My grandmother, Olga Woronoff, was elegant, fashionable and loved her hats. By the looks of it she owned a few! The photos above show her wearing some of them.

My grandmother, her husband Paul Woronoff and her sister Tata, made their escape from Russia on board the British ship “Hanover,” which took them to Constantinople where they settled for a time. A few days into their new existence, realising they had to find a way to supplement what little money they had, the two girls hatched a plan. This is how my grandmother tells the story:

“After a lengthy discussion of our abilities to sing, draw, paint and embroider, I suddenly remembered that I used to have the fad of transforming my own hats quite successfully. Tata had always had a great ability for cutting and sewing. We decided to create a particularly fascinating sports hat we could sell. We thought something looking like a turban would be just right and, instead of having it ready to wear, we would leave two long ends that the wearer would be able to twist around the head to suit her taste and mood.

          All morning we busily crawled on the floor of our room, cutting the pattern out of paper and trying it on each other’s head. Paul gave us the necessary funds for our enterprise, even though he didn’t share our enthusiasm. However, the first two turbans were ready the next day and we wore them to call on some more fortunate friends of ours.

          “What fascinating little hats you have” the dear woman said when she saw us. “Where did you buy these sweet things if you don’t mind telling me?”

          “Well, as a matter of fact my sister and I make them,” I replied as casually as I could, dreading to meet Tata’s eye.

          “May I try one on?” my friend continued. My sister twisted the turban gracefully about her head. “But it’s lovely!” she exclaimed, “I want one for myself and one for my daughter!”

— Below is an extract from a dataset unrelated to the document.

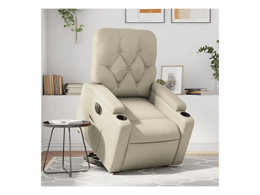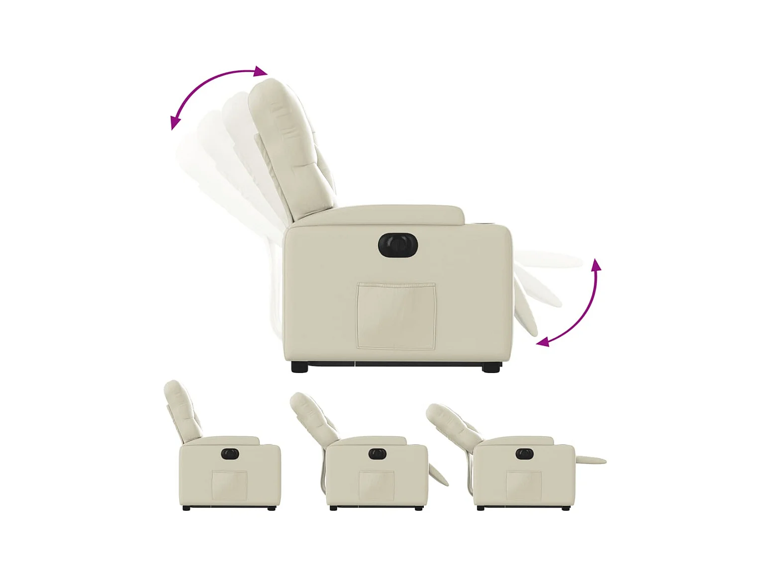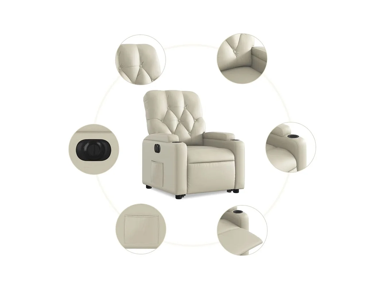 Sillón reclinable elevable eléctrico de cuero sintético crema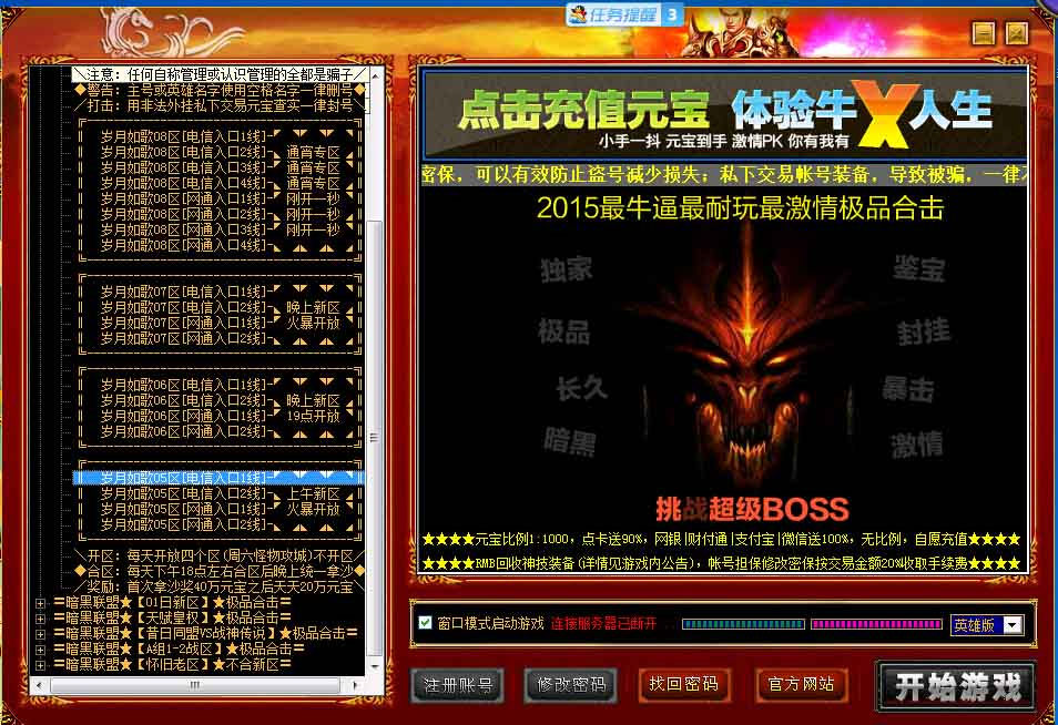 元宝充值】:短信充值1:1000 点卡充值赠送90% 支付宝、财付通、微信、网银充值赠送100% 【开区合区】:每天开放四个区,上午10点,下午15点,晚上19点,通宵22点,开区第二天下午18点左右合区,晚上统一集体拿沙【拿沙奖励】:首次拿沙奖励40万元宝,之后天天拿沙奖励20万元宝,节假日或者合大战区拿沙奖励以登录器上为准 【推荐职业】:本服三职业相对平衡,可根据自己喜好任意搭配,道道、法法 、道法,打装备元宝快,战战、道道、道战PK都没问题,一般都双开 【激情活动】:全天15个激情活动,让你根本停不下来,有些活动完全靠运气,所以散人装备不好只要你参与了一样可以拿到活动奖励 【装备顺序】:赤月→雷霆→战神→星王→狂雷→三龙→虎威→龙威→主宰(主宰首饰 目前只有高级鉴定有几率出,后期会更新,装备绝对保值)【职业平衡】:战士,道士,法师:三职技能平衡.(装备全爆) 装备属性精准调试,不变态,不秒杀 ,绝对保值!【鉴定神技】:可鉴定的神技:魔道麻痹-麻痹-战役麻痹-八卦护身-重生,运气+恒心,最终会鉴定出您想要的神技装备的【武器暴击】:完美升级暴击系统,衣服、武器和勋章最高可鉴定出4点暴击,暴击+20以上,可刀刀飘血, 本服暴击不难弄,散人也能暴击20 【二级密保】:不同于其他二级密保,只有你IP出现变化了才需要输入,可以很好的防止别人木马或者情感 盗号、骗号【称号系统】:70级可领取【暗黑战神封号】80级【 暗黑米老封号】90级【暗黑主宰者封号】100级领取【 暗黑破坏神封号】 具体属性游戏中查询 【赞助大使】:青铜-白银-黄金-钻石-至尊赞助大使,不同赞助大使的特权也有所不同,赞助大使只能通过充值获取,也可以 累积充值升级,需联系客服 【四级技能】:所有的四技技能书,可以在尸王殿打书页 ,然后到武器店门口找神秘使者合成获取,散人玩家可以打书页赚取元宝【每日任务】:每天可以进聚灵岛开始捉龟任务,还可暴出聚灵珠, 签到+完成任务+聚灵珠+打装备回收,每天最少可以升2-3亿经验【每日签到】:每天登陆游戏,找盟重老兵免费领取1亿经验, 真的是免费的,千万不要忘记哦,所有玩家都能领取免费领取 【一键回收】:普通装备可以通过一键回收NPC一键回收,打到在线回收卷轴,可以随时随地在线回收,方便快捷,升级打元宝速度超快【特技回收】:10万元宝回收麻痹、魔道麻痹;20万元宝回收战役麻痹;50万元宝或100米回收八卦护身;100万元宝或200米回收重生【聚灵宝珠】:专为散人而设,聚灵岛内可暴出小-中-大三种聚灵珠,可聚集1000-5000万经验,聚满经验散人可以自己吃或摆摊卖米玩家赚元宝 【暗黑军团】:暗黑联盟独家【暗黑军团攻沙】系统, 通常合大战区或者节假日的时候举行大型暗黑军团攻沙活动,场面宏大,百人拿沙 【怪物攻城】:每周六晚上八点,在暗黑之城举行大型怪物攻城活动, 本服所有BOSS倾巢出动,场面宏大,装备狂暴【长久稳定】:长久开放,用心服务每一位玩家,现在玩传奇的基本都是我们80后的,也算是一段难忘回忆吧,80后的玩家,请支持暗黑 联盟==============================================================

          We flew home on wings of happiness. Two days later we delivered the two turbans and fitted them on the heads of our first customers. They were delighted. Alas, the next day on answering the knock at our door, we encountered two pitiful looking figures. The mother’s turban, a shapeless bundle now, had slipped down on one of her eyes, one end was hanging sorrowfully on her shoulder and a clump of hair was peeping uninvited between the silken folds above one ear. Her daughter had made a valiant attempt to drape her head gracefully in the turban. It was so tightly pulled the skin at her temples was drawn under the folds, pulling up her eyes.

          “They can’t be fitted decently,” they explained tearfully, “after an hour’s fruitless struggle we decided to brave the people’s sneers on the street and to come to you just as we were!”

          In spite of the efforts Tata and I made to teach them the way to wear those things, they refused to try to learn.”

          And with that, my grandmother’s hat making business ended.